**AIM OF THE TASK**
Each line of the material should be set down exactly. Pictures are not part of the copy.

**SUPPLIED MATERIAL**
───
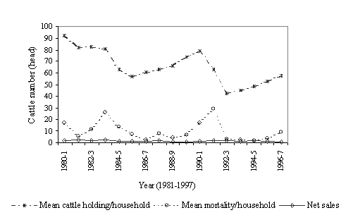 2. how cattle holdings had changed over the period 1980-97 and estimate economic losses attributable to cattle mortality. Results would give insights into system changes, trends on small ruminant and camel production, and long-term dynamics for the cattle population and would provide information for designing natural resource and risk management interventions.
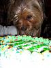 | YT Addict |    Thank you everyone for the B-day wishes! As promised here are some pics... #1: Emmett and the cake I got for him... even though I ate it and he got some doggie cookies... haha. #2: Emmett eating his cookie. He looks a bit crazed. #3: Emmett and his new stuff! #4: Looks like the rainbow fish is his new favorite!!! I took a video too... but it was too dark. Boo. Happy bday Emmy!
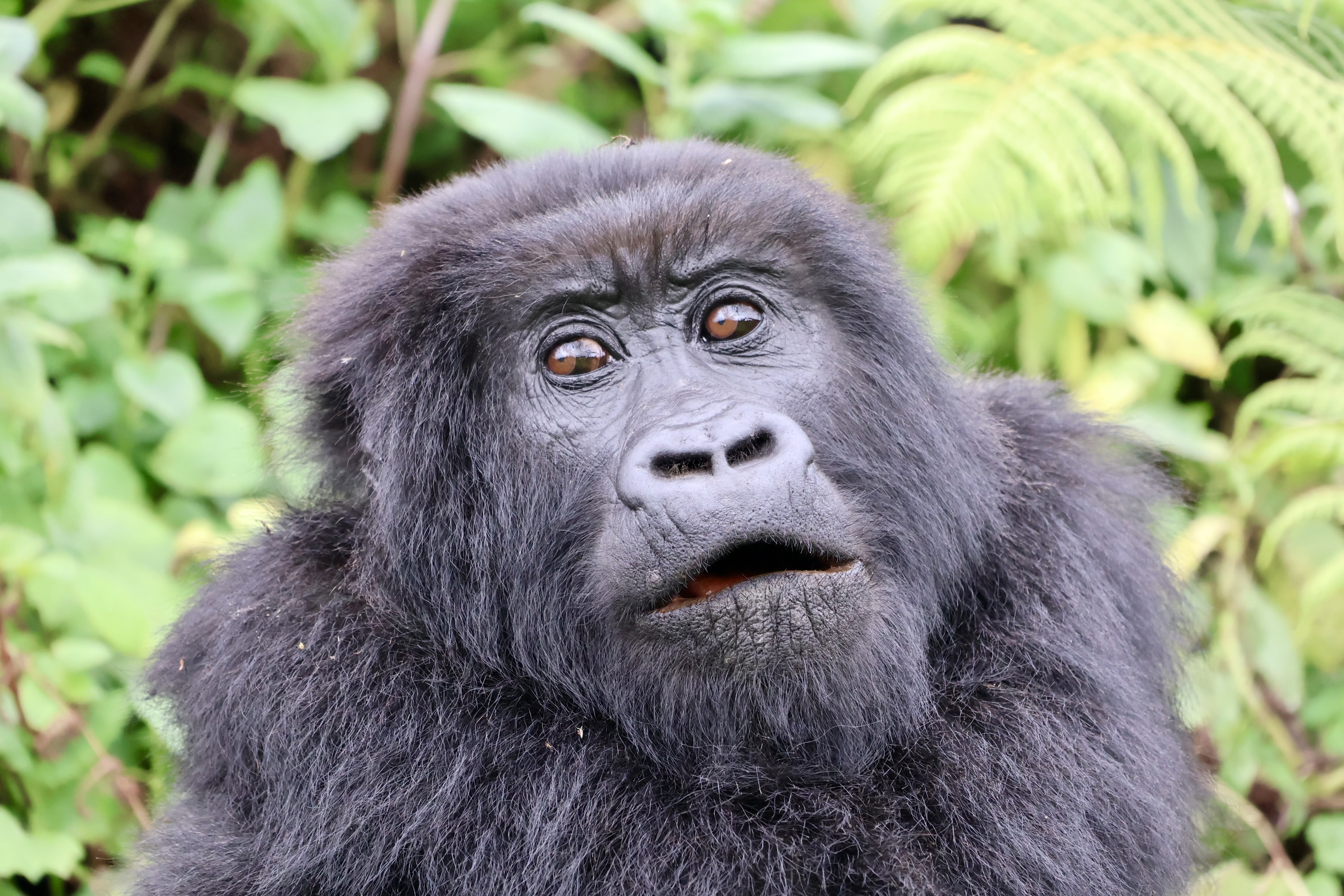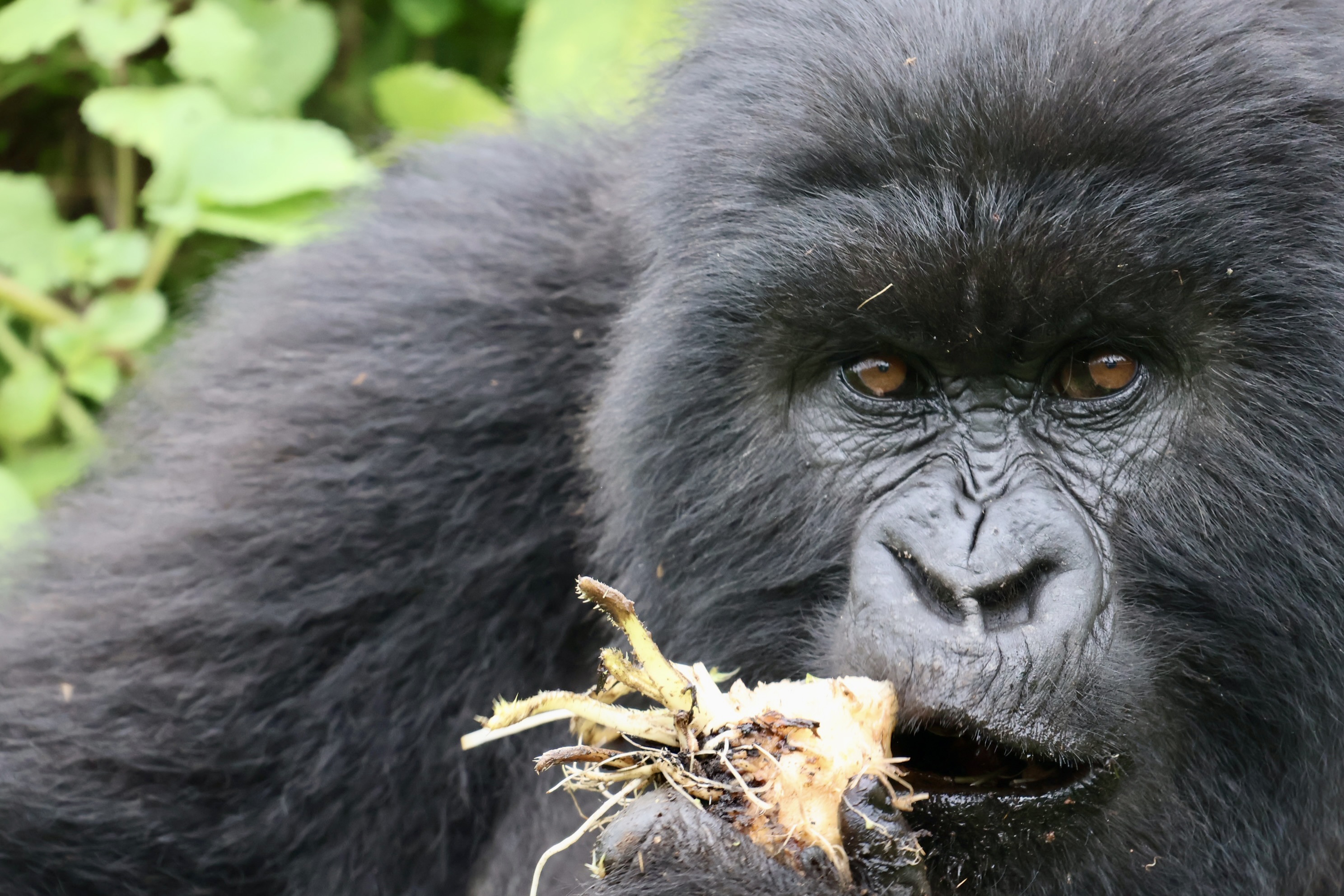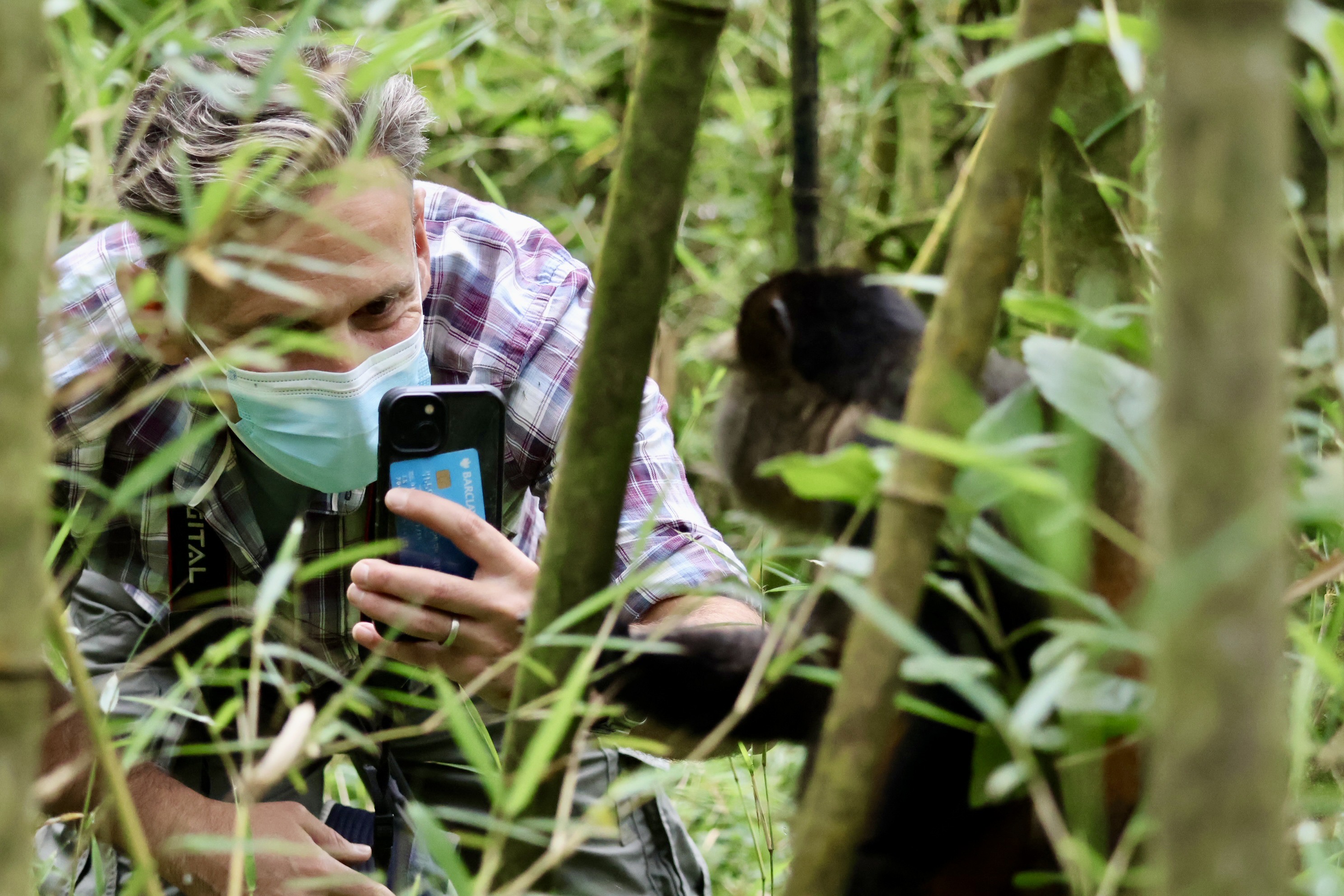 Eventually we dropped our bags, donned our face masks and were given our final briefing. Don’t go within 10 metres of the gorillas. You can look them in the eye, but if the silverback beats his chest, don’t beat back (seemed sensible).
───
**RESPONSE BOX**
 2. how cattle holdings had changed over the period 1980-97 and estimate economic losses attributable to cattle mortality. Results would give insights into system changes, trends on small ruminant and camel production, and long-term dynamics for the cattle population and would provide information for designing natural resource and risk management interventions.
 | YT Addict |    Thank you everyone for the B-day wishes! As promised here are some pics... #1: Emmett and the cake I got for him... even though I ate it and he got some doggie cookies... haha. #2: Emmett eating his cookie. He looks a bit crazed. #3: Emmett and his new stuff! #4: Looks like the rainbow fish is his new favorite!!! I took a video too... but it was too dark. Boo. Happy bday Emmy!
 Eventually we dropped our bags, donned our face masks and were given our final briefing. Don’t go within 10 metres of the gorillas. You can look them in the eye, but if the silverback beats his chest, don’t beat back (seemed sensible).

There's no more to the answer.